My name is Kambri, and I’m 17 years old. I was diagnosed with Fanconi anemia when I was five.

Before my diagnosis, I just didn’t feel good for a while. I had frequent nosebleeds, bruised easily, and was tired a lot. Eventually, those symptoms led to testing and my FA diagnosis. At the time, I didn’t fully understand what was happening, but looking back, I can see how much my body was going through even at such a young age.

Today, I get to live a pretty normal life. Most of my day-to-day focus is on routine checkups, and for the most part, life feels typical. Still, there’s always a small, constant worry in the back of my mind that something could change. Living with FA means learning to hold both things at once: gratitude for feeling well and awareness that FA doesn’t simply disappear.

One thing I wish more people understood is that FA doesn’t go away after transplant. Even when things look normal from the outside, it’s something you live with for life. That reality shapes how you think about your health, your future, and the care you take with your body.

A defining moment for me came as I got older and started to understand how much I went through, even though I don’t remember all of it. Realizing that my life could have turned out very differently made me appreciate my health and where I am now in a deeper way. It changed how I see my past and how I approach my future.

I’m a high school junior and also a concurrent college student. I’m involved in school leadership, and I hope to work in health care someday. My goal is to become a CRNA and work in pediatrics, giving back in a meaningful way to the kind of care that made such a difference in my own life.

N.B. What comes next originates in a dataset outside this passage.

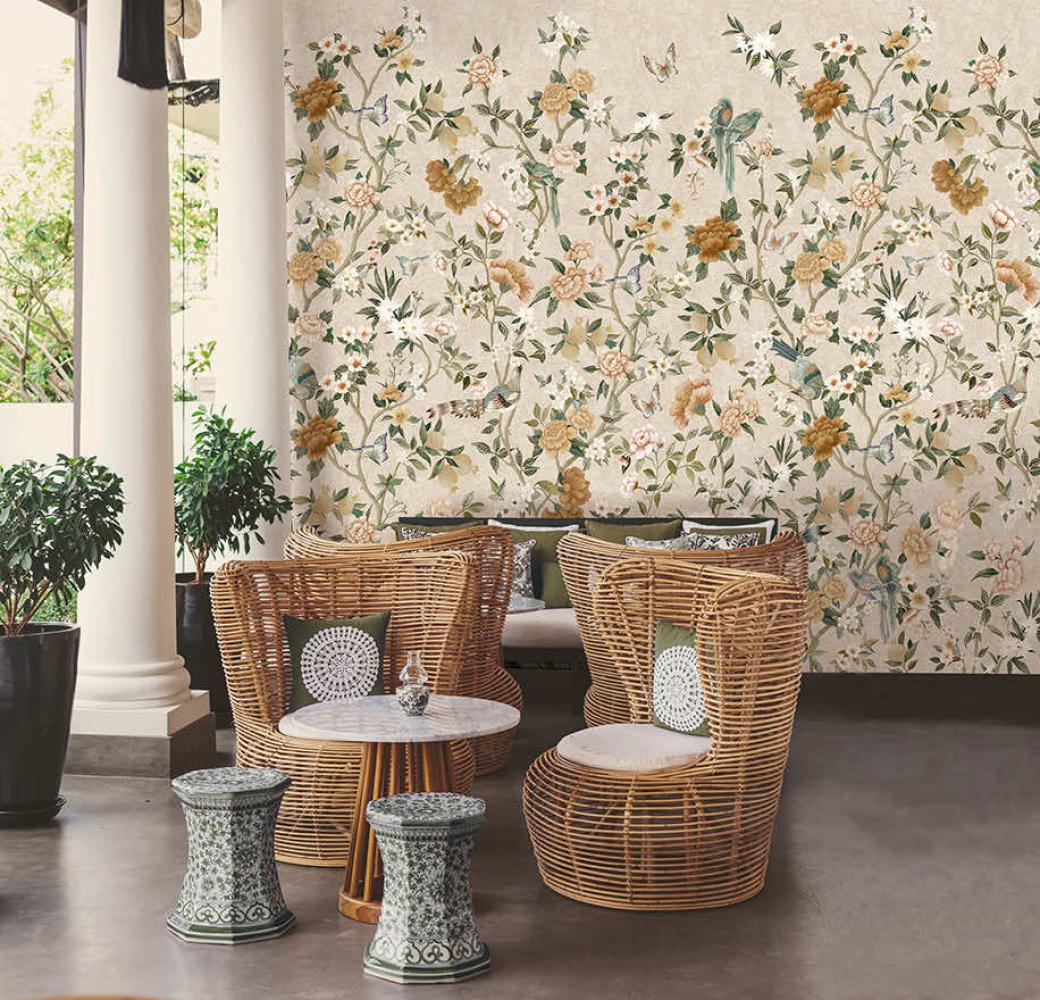 Окунитесь в мир непреходящей элегантности с нашей фреской «Императорские сады», которая перенесёт вас в самое сердце Запретного города в Пекине. На ней изображены вьющиеся пионы, символизирующие богатство и процветание, переплетённые с причудливыми птицами и бабочками. Каждый элемент прекрасно расписан вручную и тщательно проработан, что оживит ваш интерьер дизайном, рассказывающим историю древней красоты и неувядающей природы.
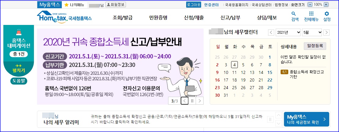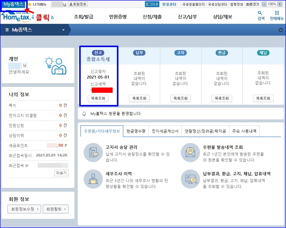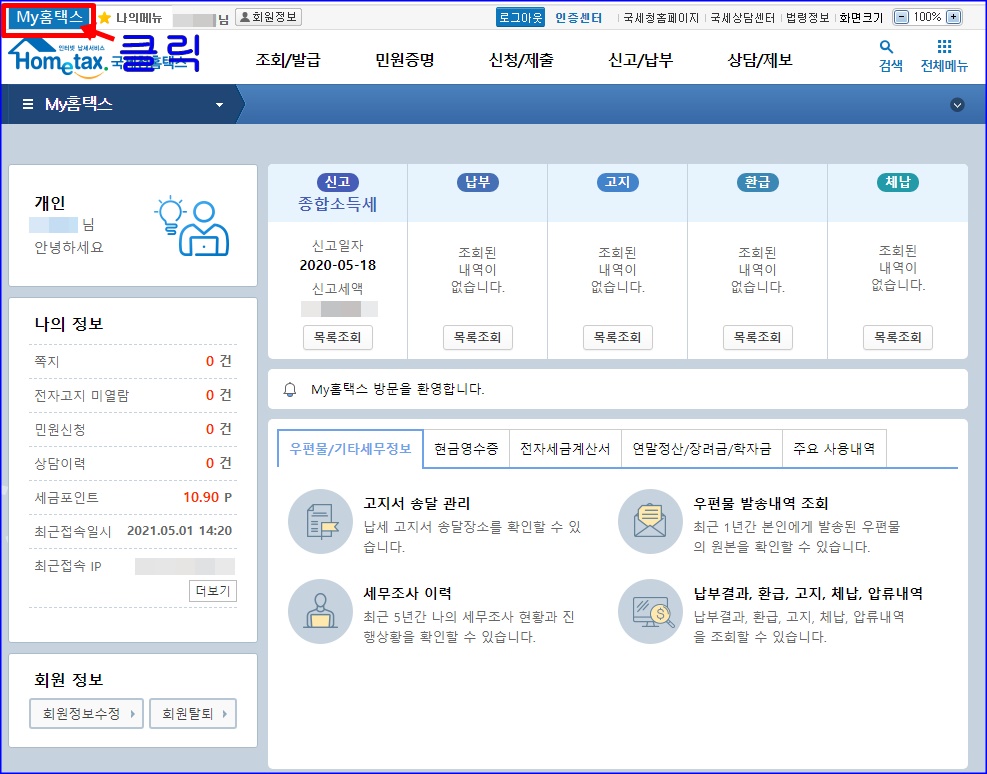 My홈택스 나의 세금정보 확인을 들어가면,

Looking ahead, I hope to stay healthy and see continued progress in FA research. In 2026, I’ll be celebrating several milestones: 10 years post-transplant, four years post spinal fusion, and turning 18. Those moments feel significant, not just as anniversaries, but as reminders of how far I’ve come.

To the donors who make research possible, thank you. The research and care you support truly change lives. You’ve helped make a future like mine possible.

FA is part of my life, but it’s not who I am.